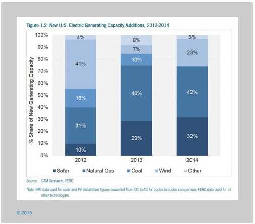 与聚光型太阳能热发电(CSP)的767MW相加,光伏发电在2014年美国新设发电设备总容量(Generating Capacity)中占到了32%。连续两年超过风力发电和煤炭火力发电,份额仅次于天然气火力发电排在了第二位。
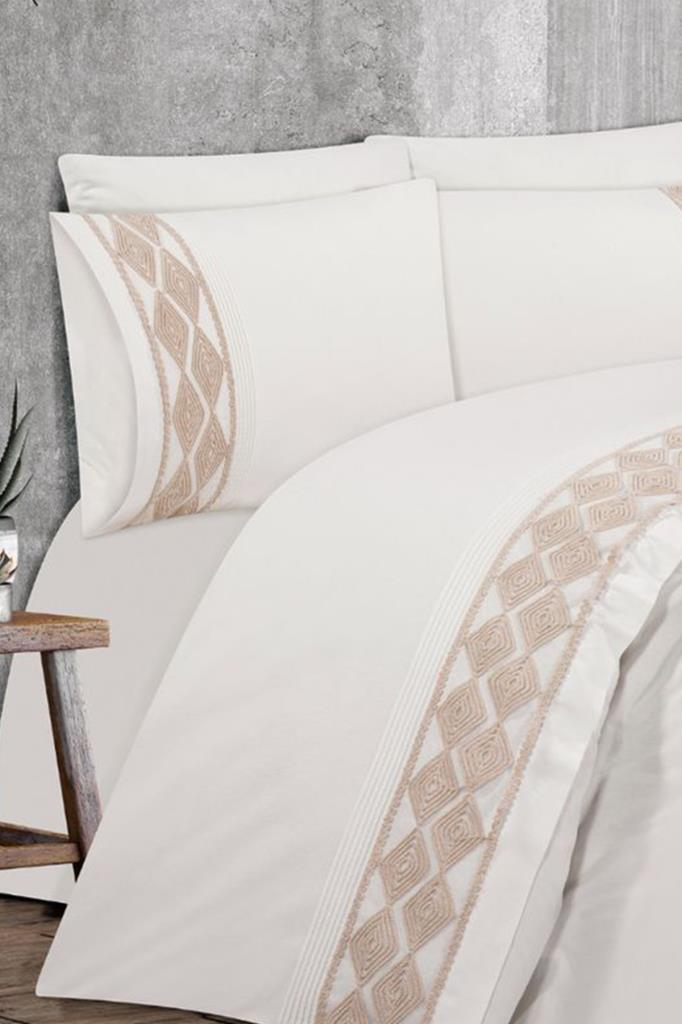 Verona Fransız Dantelli Çift Kişilik Nevresim Takımı Krem Bej
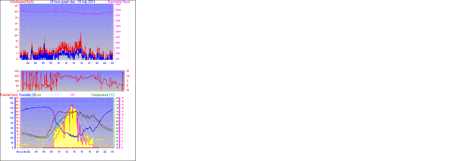 Maximum gust speed = 18.5 km/h from 225°( SW) on day 02 at time 10:48
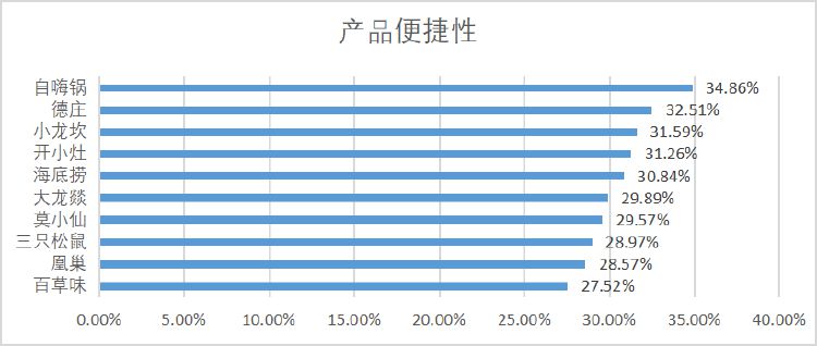 本次调查中,30.56%的消费者在推荐因素中选择“产品便捷性”。在该推荐原因中,自嗨锅自热火锅的消费者选择该推荐原因占比最高,为34.86%;其次是德庄,为32.51%,第三是小龙坎,为31.59%。

■ **Aim of the task**
Everything from the line containing "Maximum gust speed" to the last line of the listing above is to be written out exactly, except the pictures, and nothing else.

■ **Output for this exercise**
 Maximum gust speed = 18.5 km/h from 225°( SW) on day 02 at time 10:48
 本次调查中,30.56%的消费者在推荐因素中选择“产品便捷性”。在该推荐原因中,自嗨锅自热火锅的消费者选择该推荐原因占比最高,为34.86%;其次是德庄,为32.51%,第三是小龙坎,为31.59%。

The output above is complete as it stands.